Thursday, October 9, 2014

Measuring the "maturity" of a hydrocarbon fluid

Geochemical analysis of a gas, condensate or oil can provide a lot of useful information about its origin. In the best cases this can include the type of organic matter in the source rock, whether it is clastic or carbonate, the depositional environment (terrigenous, lacustrine, marine, evaporitic) and whether it is has been altered by secondary processes (e.g. phase separation, biodegradation). In some cases, the presence of absence of certain marker compounds (e.g. oleananes, 24-isopropyl cholestanes) places broad limits on the age of the source rock.

Many geochemical reports also speak about the "thermal maturity" of a fluid. It is not always clear what is meant by this term but generally it seems to mean the maturity of the source rock from which the fluid was expelled. There are several kinds of geochemical maturity indicators, but most are either based on systematic relationships among gas isotopes (carbon or hydrogen), on ratios formed from isomeric compound pairs having differing thermal stability (e.g. sterane or methyl phenanthrene isomers) or on the concentration of thermally resistant compounds such as the diamondoids. Fluids with more of the thermally stable species or isomers are considered to have been expelled from a source rock at a more advanced stage of kerogen conversion.

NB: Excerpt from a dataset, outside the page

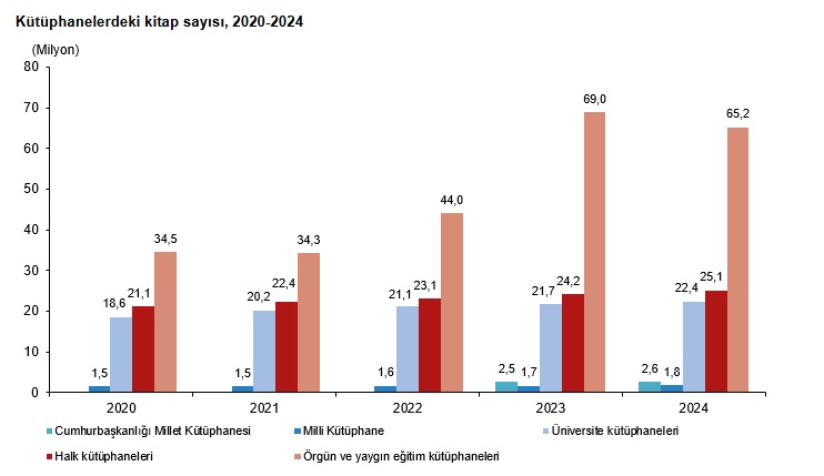 TÜİK, 2024 yılına ilişkin kütüphane istatistiklerini açıkladı. Buna göre; kütüphane sayısı 2024 yılında 1 Cumhurbaşkanlığı Millet Kütüphanesi, 1 Milli Kütüphane, 1301 halk kütüphanesi, 637 üniversite kütüphanesi ile 42 bin 889 örgün ve yaygın eğitim kurum kütüphanesi olmak üzere toplam 44 bin 829 oldu. Kitap sayısı, 117 milyon 172 bin 954 oldu. Cumhurbaşkanlığı Millet Kütüphanesi kitap sayısı 2024 yılında yüzde 3,2 artarak 2 milyon 613 bin 965 oldu. Bir önceki yıla göre kitap sayıları Milli Kütüphanede yüzde 8,3 artarak 1 milyon 829 bin 534, üniversite kütüphanelerinde yüzde 3,5 artarak 22 milyon 420 bin 99, halk kütüphanelerinde yüzde 3,6 artarak 25 milyon 82 bin 260, örgün ve yaygın eğitim kurum kütüphanelerinde yüzde 5,4 azalarak 65 milyon 227 bin 96 oldu.

There are several fundamental problems with the concept as described above - but that is a topic for another day. For now, I would like to describe just one method of saying something about the "maturity" of a fluid sample. This is a method based on the relative abundance of two tetramethyl benzenes and two tetramethyl naphthalenes. These are mono- and fused diaromatic compounds containing 10 and 14 carbon atoms respectively. These compounds have boiling ranges straddling the range where we most commonly see a change from a gas-condensate fluid to a volatile oil. For convenience we call them the "semi-volatile aromatics" or "SVA". The method has been in use in a few companies for several years but has never been published, except in the form of a poster presented by Ben Van Aarssen at the International Meeting on Organic Geochemistry (IMOG) in 2007. A description of the method can be found in the book of abstracts for that conference. At that time, the SVA "maturity index" had not been calibrated to an equivalent vitrinite reflectance for the expelling source rock. There is also an SVA source index - derived from the same compounds and analysis - which gives an indication of degree of "algal" vs. "terrigenous" organic matter contribution to the source rock.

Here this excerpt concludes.